THE INPUT:

•••••

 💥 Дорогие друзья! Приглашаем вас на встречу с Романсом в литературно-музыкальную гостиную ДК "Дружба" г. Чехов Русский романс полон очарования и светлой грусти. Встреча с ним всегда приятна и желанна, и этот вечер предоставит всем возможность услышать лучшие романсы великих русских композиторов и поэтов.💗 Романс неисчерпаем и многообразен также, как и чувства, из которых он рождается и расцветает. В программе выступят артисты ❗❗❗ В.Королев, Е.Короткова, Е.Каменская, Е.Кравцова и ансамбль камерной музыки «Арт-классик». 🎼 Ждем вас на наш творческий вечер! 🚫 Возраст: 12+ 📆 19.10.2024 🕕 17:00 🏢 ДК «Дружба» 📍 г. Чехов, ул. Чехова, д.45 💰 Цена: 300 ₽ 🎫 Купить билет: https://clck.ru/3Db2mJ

•••••

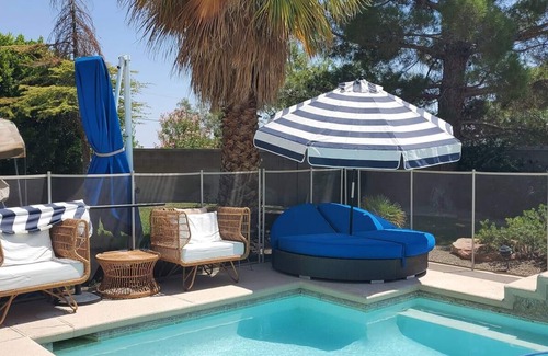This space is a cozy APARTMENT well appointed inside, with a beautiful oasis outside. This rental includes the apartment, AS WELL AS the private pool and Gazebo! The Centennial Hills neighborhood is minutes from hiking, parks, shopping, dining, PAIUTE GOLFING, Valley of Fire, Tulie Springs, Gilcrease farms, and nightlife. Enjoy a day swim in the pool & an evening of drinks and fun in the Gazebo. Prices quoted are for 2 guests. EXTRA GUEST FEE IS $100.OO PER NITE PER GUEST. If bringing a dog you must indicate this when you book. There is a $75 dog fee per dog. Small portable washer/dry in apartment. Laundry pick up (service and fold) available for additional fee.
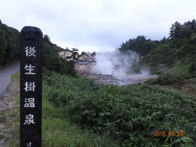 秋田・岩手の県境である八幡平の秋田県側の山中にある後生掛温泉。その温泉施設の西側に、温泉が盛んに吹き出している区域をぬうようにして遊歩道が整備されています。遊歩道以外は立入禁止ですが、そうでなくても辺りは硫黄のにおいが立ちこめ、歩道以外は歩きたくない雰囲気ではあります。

•••••

THE PROBLEM:
Output exactly the lines above that lie between the line with "This space is" and the line with "秋田・岩手の県境である八幡平", those two lines included, and no pictures.

SOLUTION FOR THIS EXERCISE:
This space is a cozy APARTMENT well appointed inside, with a beautiful oasis outside. This rental includes the apartment, AS WELL AS the private pool and Gazebo! The Centennial Hills neighborhood is minutes from hiking, parks, shopping, dining, PAIUTE GOLFING, Valley of Fire, Tulie Springs, Gilcrease farms, and nightlife. Enjoy a day swim in the pool & an evening of drinks and fun in the Gazebo. Prices quoted are for 2 guests. EXTRA GUEST FEE IS $100.OO PER NITE PER GUEST. If bringing a dog you must indicate this when you book. There is a $75 dog fee per dog. Small portable washer/dry in apartment. Laundry pick up (service and fold) available for additional fee.
 秋田・岩手の県境である八幡平の秋田県側の山中にある後生掛温泉。その温泉施設の西側に、温泉が盛んに吹き出している区域をぬうようにして遊歩道が整備されています。遊歩道以外は立入禁止ですが、そうでなくても辺りは硫黄のにおいが立ちこめ、歩道以外は歩きたくない雰囲気ではあります。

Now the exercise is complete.